Meta Platforms Inc.’s artificial intelligence research unit said today it has developed an AI model that can research and write drafts of Wikipedia-style biographical entries, in order to address a noticeable imbalance on the world’s most popular encyclopedia.
In a blog post, Meta AI research scientist Angela Fan points out that of all the English-language biographies on Wikipedia, just 20% are about women. Moreover, that number is estimated to be even less in intersectional groups, such as women in science, women in Africa and women in Asia.
Fan said this underrepresentation of women on Wikipedia extends to the organization itself, with only 15% of editors on the site identifying as female.
“This leaves women overlooked, despite the enormous impact they’ve had throughout history in science, entrepreneurship, politics, and every other part of society,” Fan said. “Canadian physicist Donna Strickland won the Nobel Prize in Physics in 2018, however, anyone looking for information about her on Wikipedia wouldn’t have been able to find it until a Wikipedia biography was finally published about her esteemed work — days after she won the biggest prize in her field of study.”
To counter the lack of biographies on women, Meta has announced it’s open-sourcing a generative AI model that automatically researches and creates high-quality biographical articles on important, real-world figures.
The model works in a similar fashion to a human researcher, searching for relevant information on a given figure and then drafting a Wikipedia-style entry on that person, complete with citations. The idea is that these AI-generated drafts can be used as a starting point for human writers and fact checkers to come in and complete biographies of underrepresented groups on the site.
Fan points out that the research that goes into writing a biography can be intensive, yet at the same time there is a vast amount of information available on the web that, when compiled correctly, can be used to tell the stories of women whose achievements, voices and legacies are mostly unknown.
Meta’s AI model makes light of this research, bringing up relevant information from the web to introduce the subject. Then, its generation module creates the text, before the citation module builds the comprehensive bibliography that links back to the sources used.
This process is repeated for each source of information the model finds on the internet. Each section of text is used to predict the next in order to cover all of the elements required for a Wikipedia biography, such as the subject’s early life, education and career.
Fan admits that there’s still lots of work to be done. She says the web content used to create the Wikipedia entries might sometimes be flawed or reflect cultural biases. Meanwhile, the model is sometimes subject to “hallucinating” nonfactual content, which results in creating text that may not be true. It also struggles with coherence.
“We’re hoping to improve these through advances in the neural architectures that power such models and through breakthroughs in the responsible development of AI,” Fan said.

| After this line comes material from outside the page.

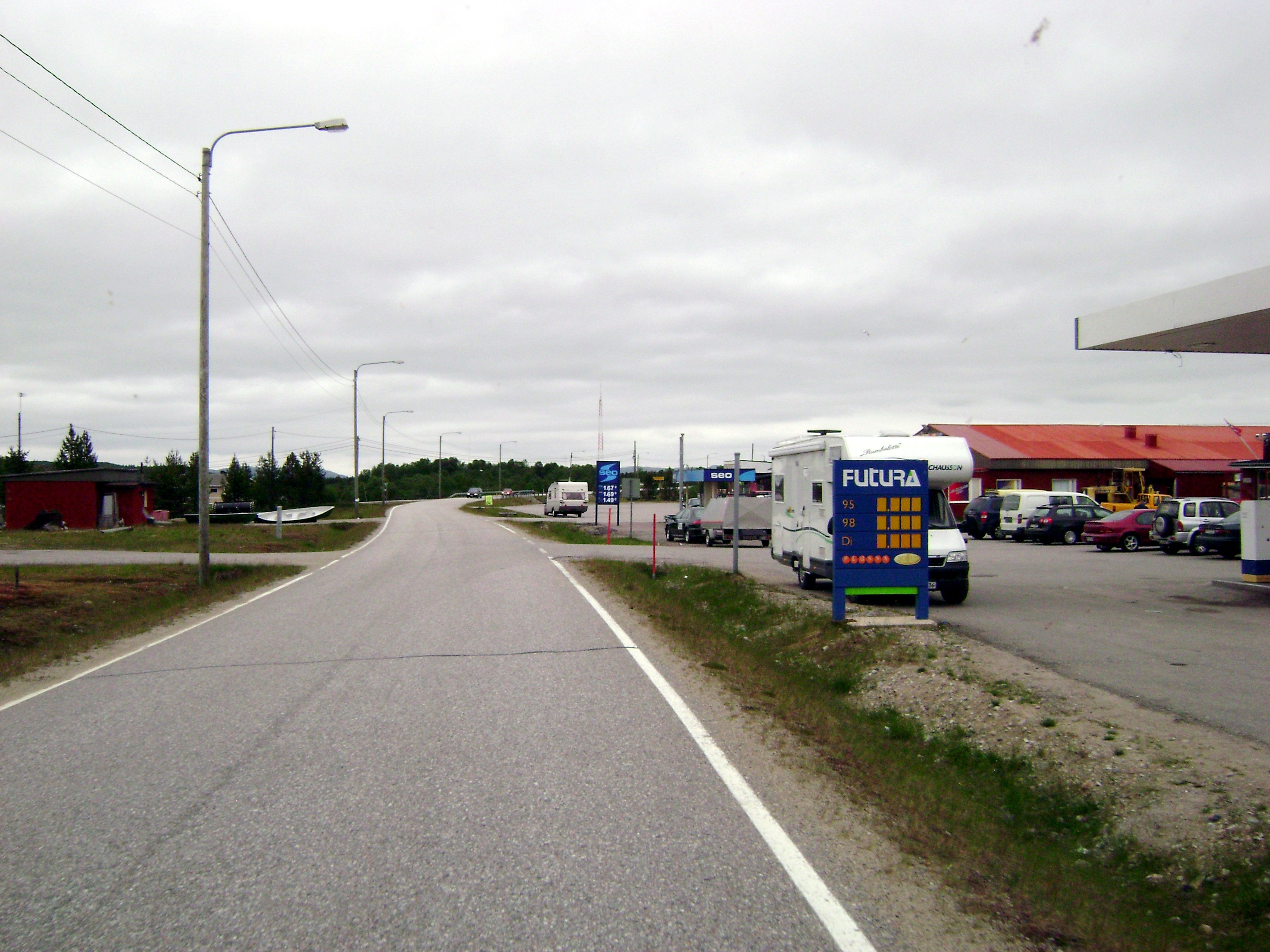 Regional road 971 (main road 92 since 2016) in Näätämö, Inari, Finland near the Norwegian border.

Even so, the model is impressive. As an example, Fan used her model to research and generate a Wikipedia entry for Libbie Hyman, who was a pioneer in the study of invertebrate zoology. The green text in the image below was pulled from the original reference article the model started with, while the purple text is additional content pulled from elsewhere on the web. The orange text is indicative of hallucination, meaning the model appears to have guessed at things that can’t be verified.
Although it’s not entirely perfect or accurate, the model has pulled up enough relevant biographical information about Hyman that a human researcher or writer could quickly come in and finish up the article. It includes details about her work focusing on invertebrates, significant publications and also the wider impact of her work, which are useful starting points for editors to fact-check and expand upon her life and achievements.
To improve the model, Meta has also released a novel data set that it created to evaluate the model’s performance on 1,527 biographies of women from marginalized groups. Meta said this data can be used to train new iterations of the model and evaluate their performance.
“We are passionate about sharing this as an important research area with the broader generation community,” Fan said. “We hope that our techniques can eventually be used as a starting point for human Wikipedia writers — and ultimately lead to a more equitable availability of information online that can be accessed by students writing biographies — and beyond.”